───── Task data

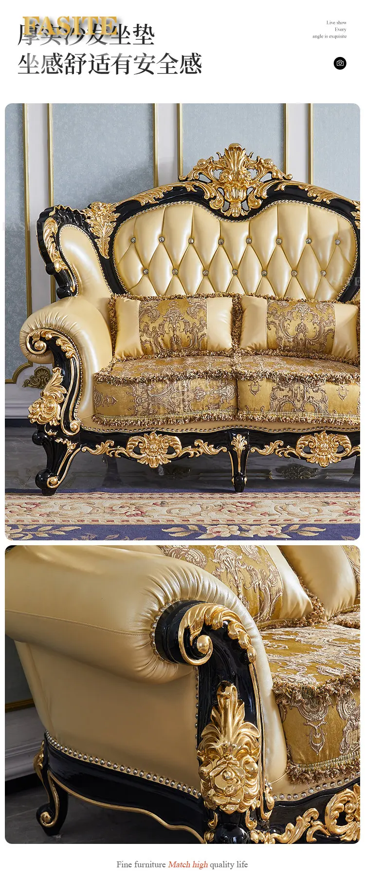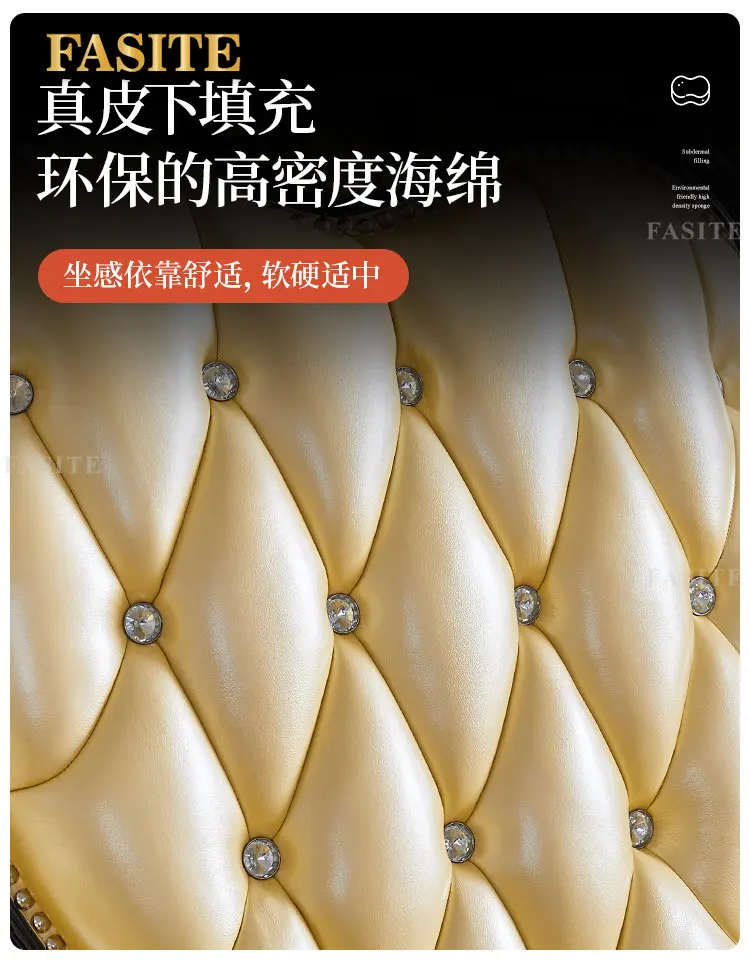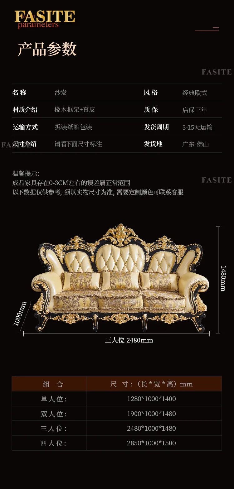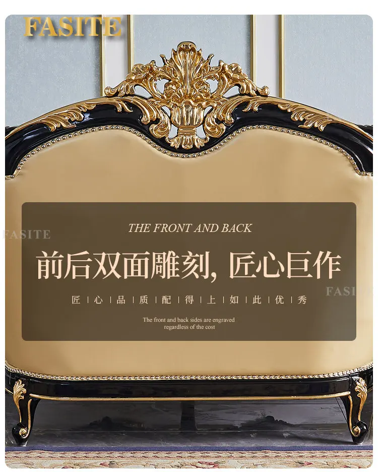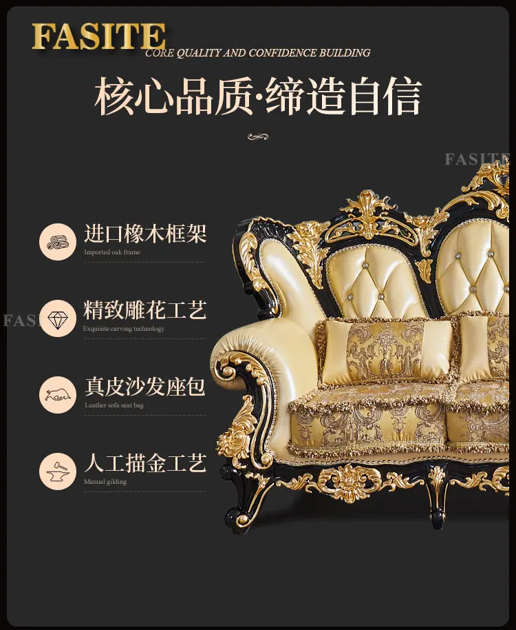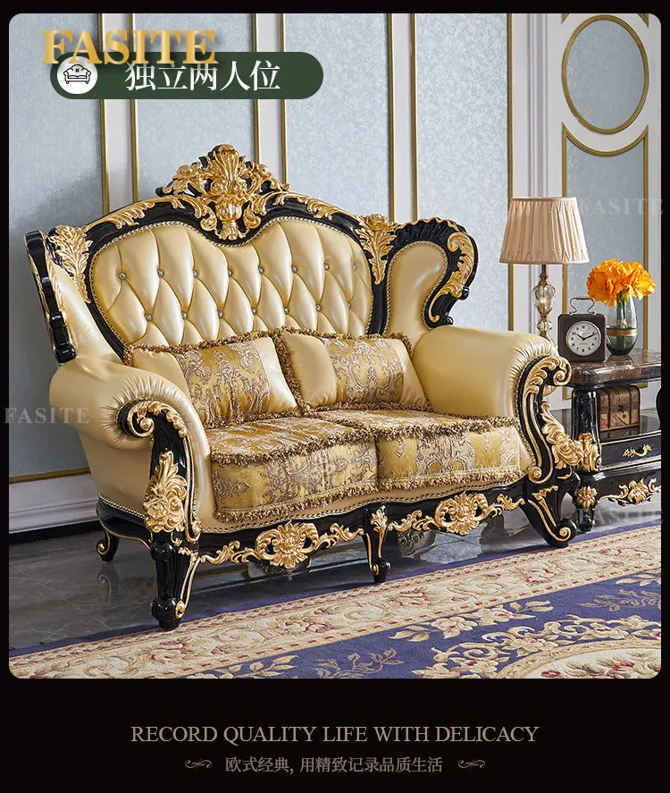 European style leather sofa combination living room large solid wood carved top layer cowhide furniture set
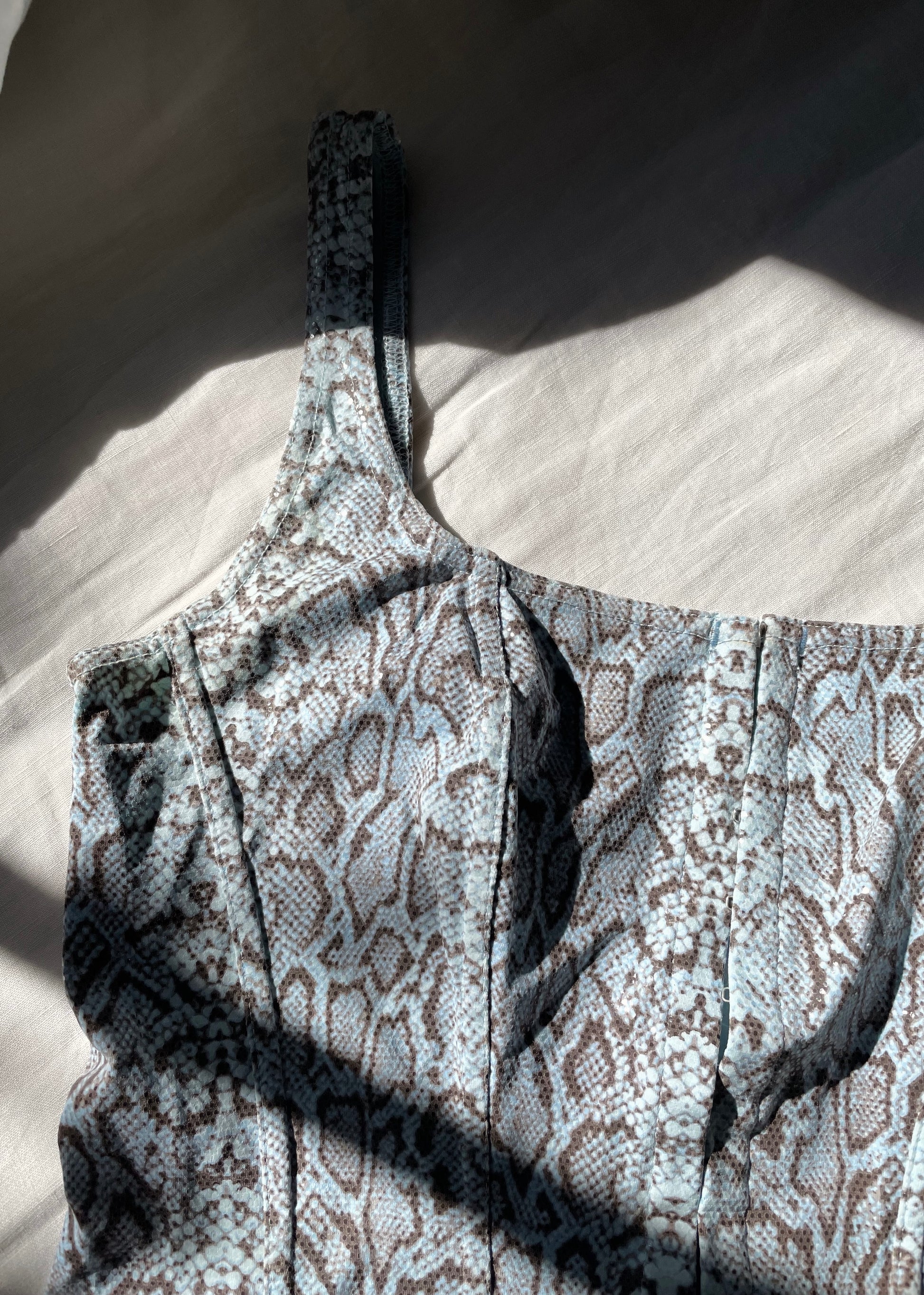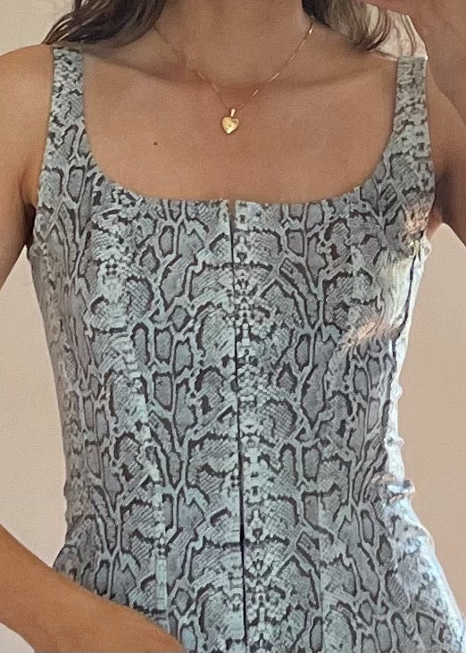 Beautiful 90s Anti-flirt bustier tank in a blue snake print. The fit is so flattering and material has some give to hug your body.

──────────
───── Task data

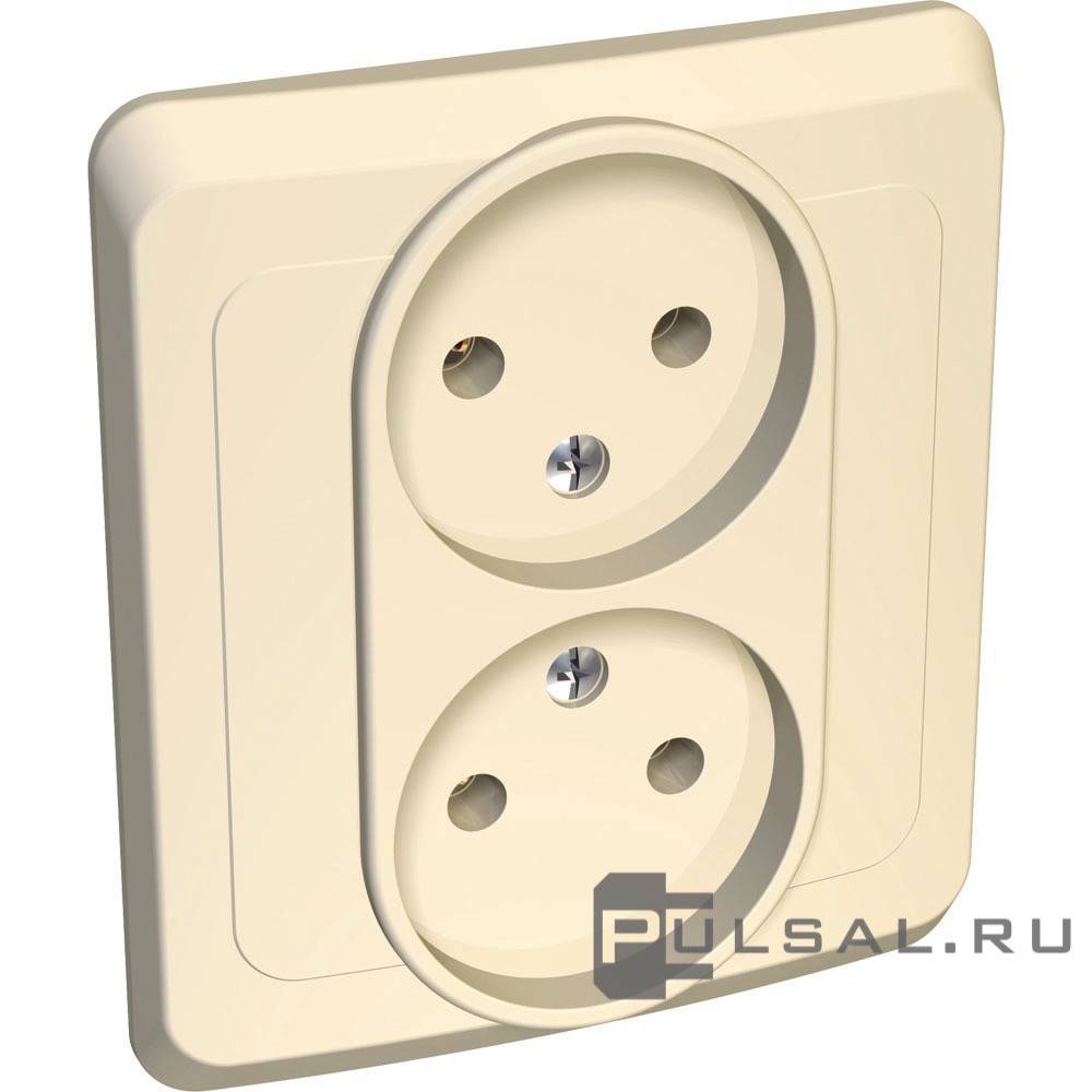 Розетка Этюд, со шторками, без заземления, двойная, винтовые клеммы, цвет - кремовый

──────────
───── Task data

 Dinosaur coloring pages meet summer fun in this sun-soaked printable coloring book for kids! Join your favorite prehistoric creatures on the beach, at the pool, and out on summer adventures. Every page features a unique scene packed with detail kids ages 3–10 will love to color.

──────────

> **Your objective**
Find the line with "European style leather" and the line with "Beautiful 90s Anti-flirt" in the records above. Copy both and all lines between them exactly, without pictures.

> **Answer for the task**
 European style leather sofa combination living room large solid wood carved top layer cowhide furniture set
 Beautiful 90s Anti-flirt bustier tank in a blue snake print. The fit is so flattering and material has some give to hug your body.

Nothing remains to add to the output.